- DESCRIPTION OF THE TASK:
Only the text belongs in the answer: every line of the records below, transcribed exactly.
*** Opening of INPUT MATERIAL ***
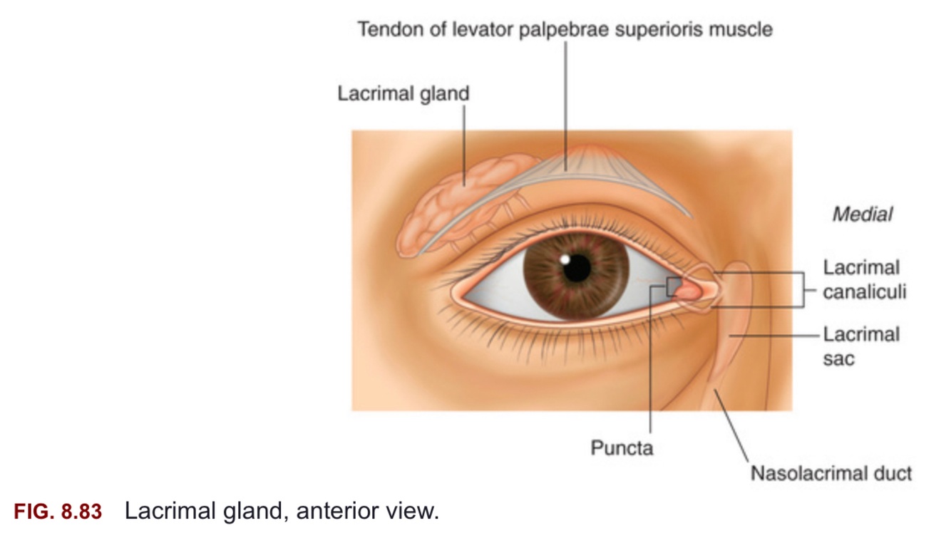 what is the location of the puncta, lacrimal canaliculi, lacrimal sac, nasolacrimal duct?
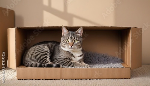 Adorable Grey Tabby Cat Relaxing Inside a Cardboard Box at Home
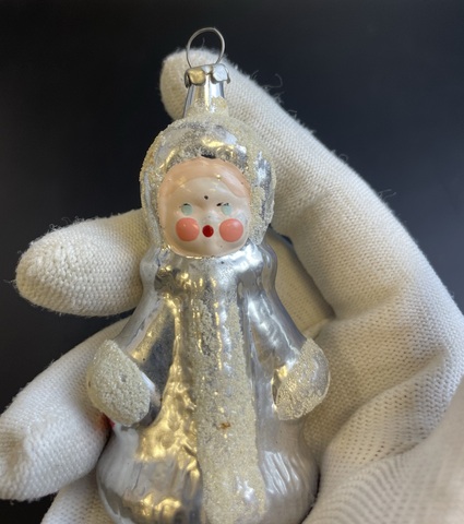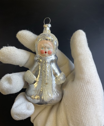 Ёлочная игрушка "Снегурочка" стекло, роспись ручная, подвесная, винтаж СССР 1960-1980 гг
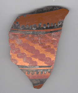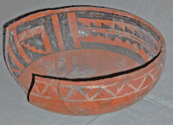 Eckert (2003, 2006) breaks this pottery into two types. She uses "Pottery Mound Polychrome" to describe A rim bowls slipped yellow to buff on the interior surface and red on the exterior surface, and dates the type from AD 1375 to 1450 or later. She uses "Hidden Mountain Polychrome" for A or C rim bowls are slipped red on the interior surface and white on the exterior surface, and dates the type from AD 1400 to 1450 or later. By her standards, the bowl sherd with a C rim shown here is Hidden Mountain Polychrome, not Pottery Mound Polychrome.
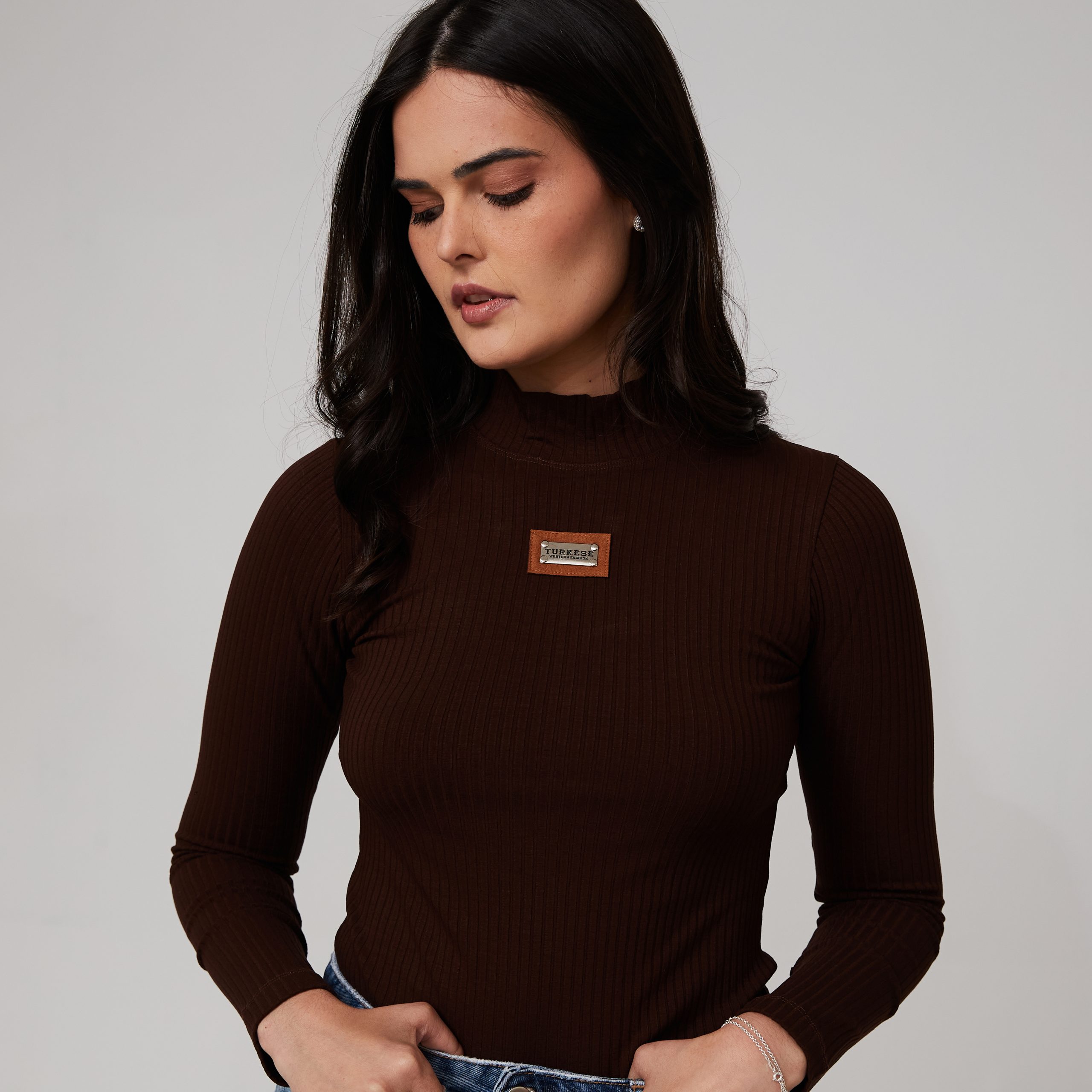 Blusa em malha canelada com gola alta e aplicação de patch com logo marca na parte frontal.
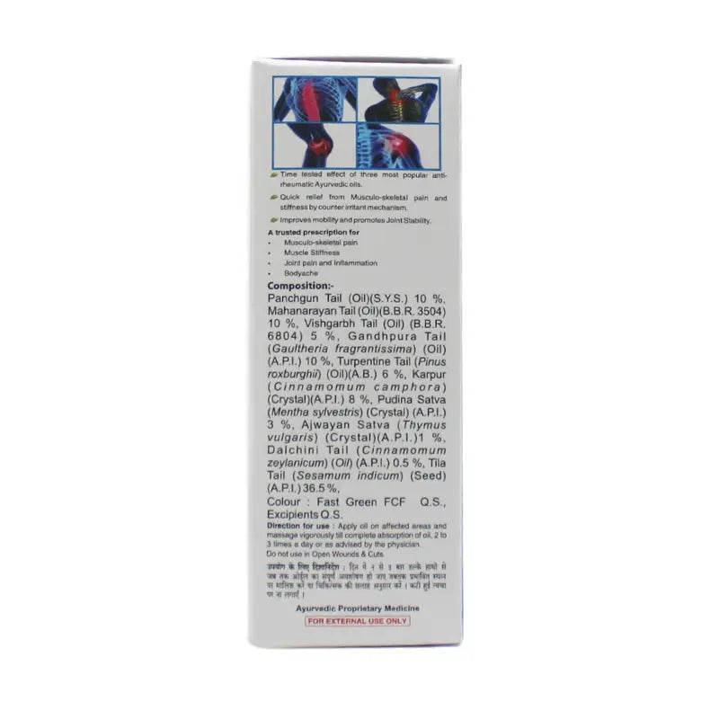 Gandhpura Oil (Gaultheria fragrantissima): Known for its natural anti-inflammatory and analgesic properties, it helps reduce swelling, stiffness, and chronic joint pain.
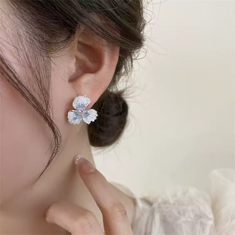 2025春夏耳饰四叶草耳钉蓝色花朵耳钉轻奢高级感耳饰锆石耳钉批发 English | 投诉
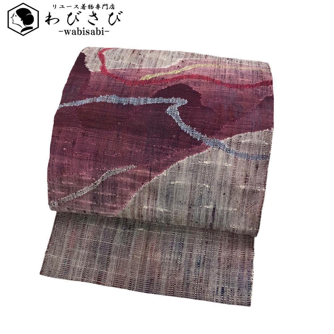 名古屋帯 真綿紬 抽象柄 O-5717 着物 きもの kimono 和服 和装 中古 リサイクル着物 【送料無料】
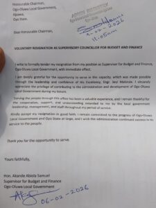 In a formal resignation letter addressed to the Chairman of Ogo Oluwa Local Government, Hon. Akande expressed appreciation for the opportunity to serve, describing his tenure as a valuable experience in public service.
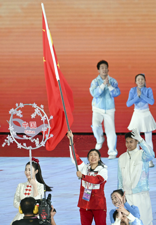 自由式滑雪運動員徐夢桃擔任中國代表團的旗手。35歲的她,是中國雪上項目的傳奇人物,實現(xiàn)了冬奧會、世錦賽、世界杯等多項大賽的大滿貫,成為中國雪上項目首位實現(xiàn)“全滿貫”的運動員。在本屆亞冬會上,她以 90.94 分的成績奪得女子空中技巧金牌,還帶領(lǐng)團隊在多個項目中斬獲佳績。她堅韌不拔的精神和卓越的競技表現(xiàn),正是中國冰雪運動員的代表。
*** Close of INPUT MATERIAL ***
- SOLUTION FOR THIS EXERCISE:
 what is the location of the puncta, lacrimal canaliculi, lacrimal sac, nasolacrimal duct?
 Adorable Grey Tabby Cat Relaxing Inside a Cardboard Box at Home
 Ёлочная игрушка "Снегурочка" стекло, роспись ручная, подвесная, винтаж СССР 1960-1980 гг
 Eckert (2003, 2006) breaks this pottery into two types. She uses "Pottery Mound Polychrome" to describe A rim bowls slipped yellow to buff on the interior surface and red on the exterior surface, and dates the type from AD 1375 to 1450 or later. She uses "Hidden Mountain Polychrome" for A or C rim bowls are slipped red on the interior surface and white on the exterior surface, and dates the type from AD 1400 to 1450 or later. By her standards, the bowl sherd with a C rim shown here is Hidden Mountain Polychrome, not Pottery Mound Polychrome.
 Blusa em malha canelada com gola alta e aplicação de patch com logo marca na parte frontal.
 Gandhpura Oil (Gaultheria fragrantissima): Known for its natural anti-inflammatory and analgesic properties, it helps reduce swelling, stiffness, and chronic joint pain.
 2025春夏耳饰四叶草耳钉蓝色花朵耳钉轻奢高级感耳饰锆石耳钉批发 English | 投诉
 名古屋帯 真綿紬 抽象柄 O-5717 着物 きもの kimono 和服 和装 中古 リサイクル着物 【送料無料】
 In a formal resignation letter addressed to the Chairman of Ogo Oluwa Local Government, Hon. Akande expressed appreciation for the opportunity to serve, describing his tenure as a valuable experience in public service.
 自由式滑雪運動員徐夢桃擔任中國代表團的旗手。35歲的她,是中國雪上項目的傳奇人物,實現(xiàn)了冬奧會、世錦賽、世界杯等多項大賽的大滿貫,成為中國雪上項目首位實現(xiàn)“全滿貫”的運動員。在本屆亞冬會上,她以 90.94 分的成績奪得女子空中技巧金牌,還帶領(lǐng)團隊在多個項目中斬獲佳績。她堅韌不拔的精神和卓越的競技表現(xiàn),正是中國冰雪運動員的代表。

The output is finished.